A cornerstone of the Australian mythos is classless equality: convicts were sent here on boats, and Australia offered them the chance to start over. You could land in Australia a penniless murderer, and make it into the land-owning classes. And yet, at the very time new settlers could make their own success, Aboriginal cultures were being wiped out. There was no path for Aborigines to find success, by white capitalist measures or by any other.
Australian conservatives decry the 'black armband' view of Australian history, that dredging up the massacres perpetrated by white settlers and government policies of extermination is bad for the nation and we should just move on, but it seems to me that those are the same conservatives who fetishise Australia's military defeat at Gallipoli in WWI.
Some of the most thought-provoking observations come from Grant's experiences reporting from overseas, where telling people he was Aboriginal didn't come with the baggage that it has in Australia, and he got a close-up look at how other local cultures were shaped by their history.
I think one of the big problems we have dealing with our past is that I don't know what reconciliation looks like. And there isn't an answer to that question, because 1. On some level that question is asking, "So what can we do to make the past go away?" which is an idiotic question, and 2. Aborigines are not a monolithic hive brain who can present a neat answer. Clearly, our current refusal to deal with it at all is a steaming pile of garbage.

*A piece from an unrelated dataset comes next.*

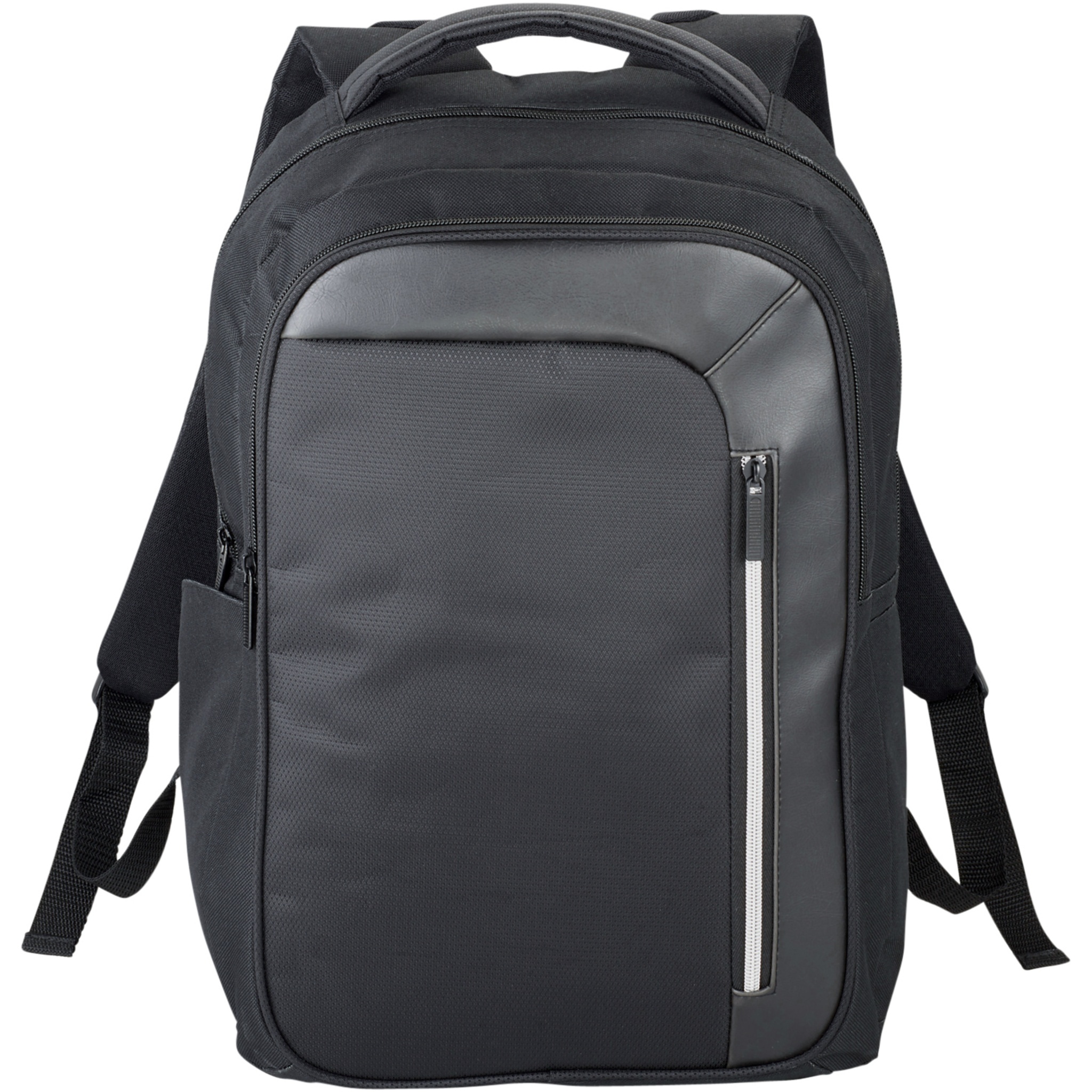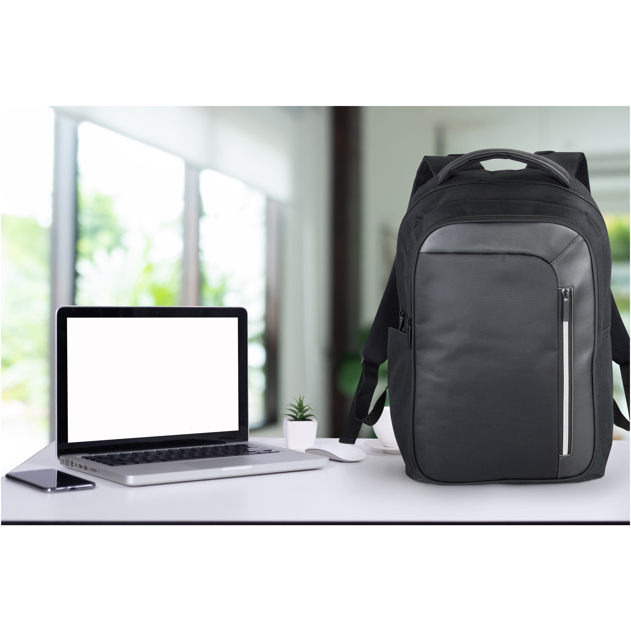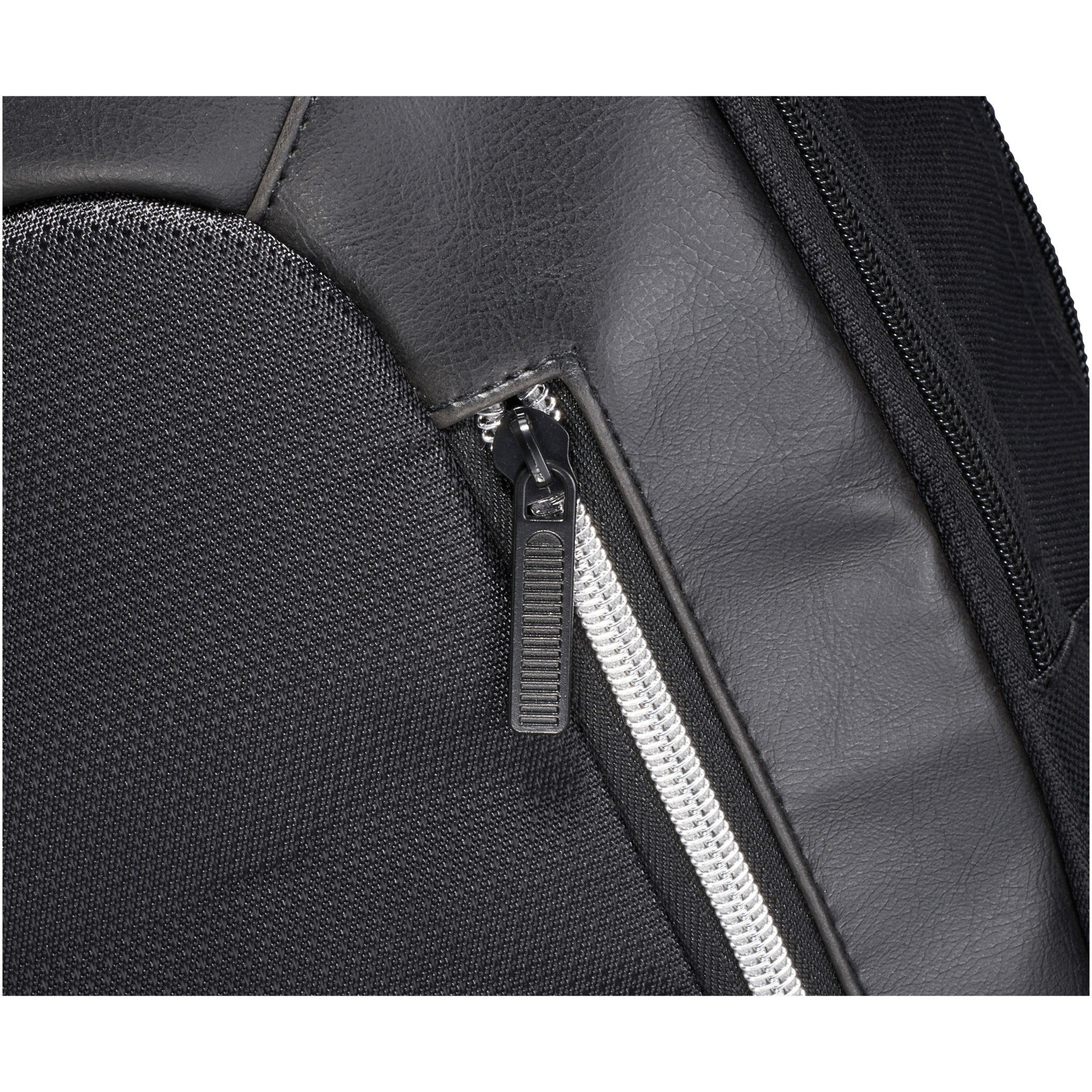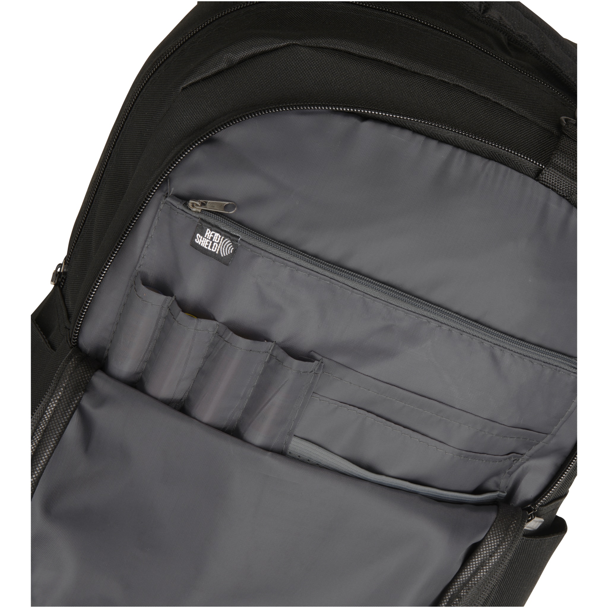 Elegant trendig ryggsäck med en stor blixtlåsficka fram och nyckelbrickshållare. Dold RFID-blockeringsteknik skyddar dina kort och pass från identitetsstöld. Stort fack med dragkedja till 15" laptop och ett separat vadderat fack för surfplattan. Vertikal dragkedja som ger dig snabb tillgång till den främre fickan. Två sidfickor. Justerbara vadderade axelband med detaljer för att fästa andra resetillbehör. Bärhandtag och trollband som gör resandet smidigt. Det kan finnas mindre variationer i färgen på den faktiska produkten på grund av tygfärgerna, vävar och utskriften.

The story is moving for how thoroughly Grant lays himself open: his poverty, his insecurities, his guilt in success, his emotional breakdown in remote Mongolia. I don't think it's going to change minds about reconciliation - mostly because people whose minds need changing won't pick up the book, partly because I think this will only provoke empathy in people who are already offering it. It's not like Trevor Noah's 'Born a Crime', which invites you in to enjoy the funny stories, and then sits you down to explain in small simple words how institutionalised racism shapes our internal view of reality.